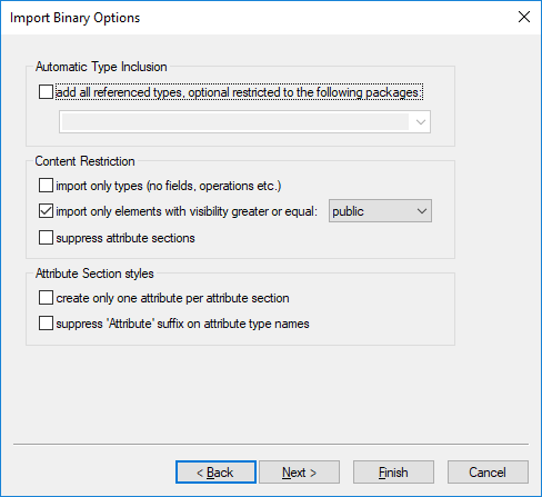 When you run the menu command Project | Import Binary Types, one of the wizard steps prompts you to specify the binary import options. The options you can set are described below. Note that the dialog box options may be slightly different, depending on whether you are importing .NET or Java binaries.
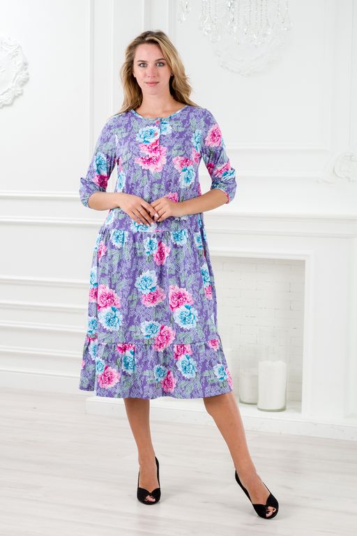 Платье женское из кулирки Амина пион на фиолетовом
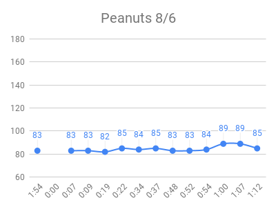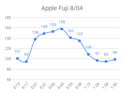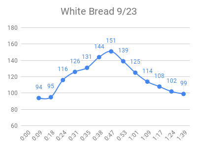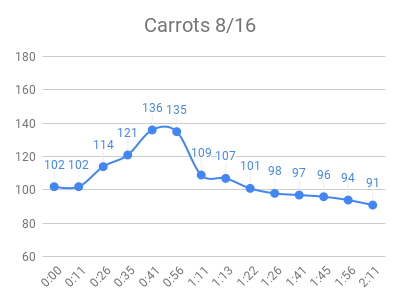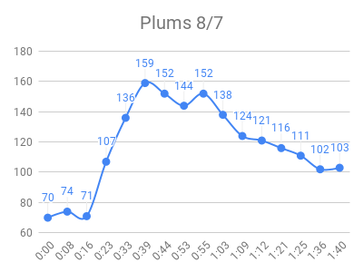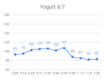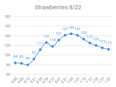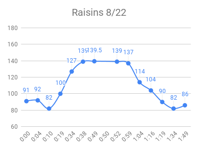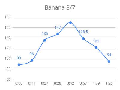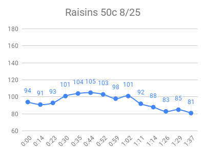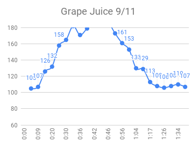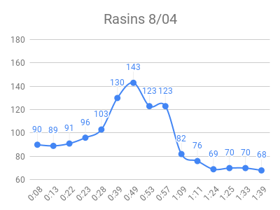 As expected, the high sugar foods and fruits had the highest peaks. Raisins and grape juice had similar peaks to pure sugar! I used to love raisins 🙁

☆ ☆ ☆ ☆ ☆ ☆ ☆

_ASSIGNED TASK_
Each line of the material needs to be given again exactly, without any of its pictures.

_RESULT OF THIS TASK_
 When you run the menu command Project | Import Binary Types, one of the wizard steps prompts you to specify the binary import options. The options you can set are described below. Note that the dialog box options may be slightly different, depending on whether you are importing .NET or Java binaries.
 Платье женское из кулирки Амина пион на фиолетовом
 As expected, the high sugar foods and fruits had the highest peaks. Raisins and grape juice had similar peaks to pure sugar! I used to love raisins 🙁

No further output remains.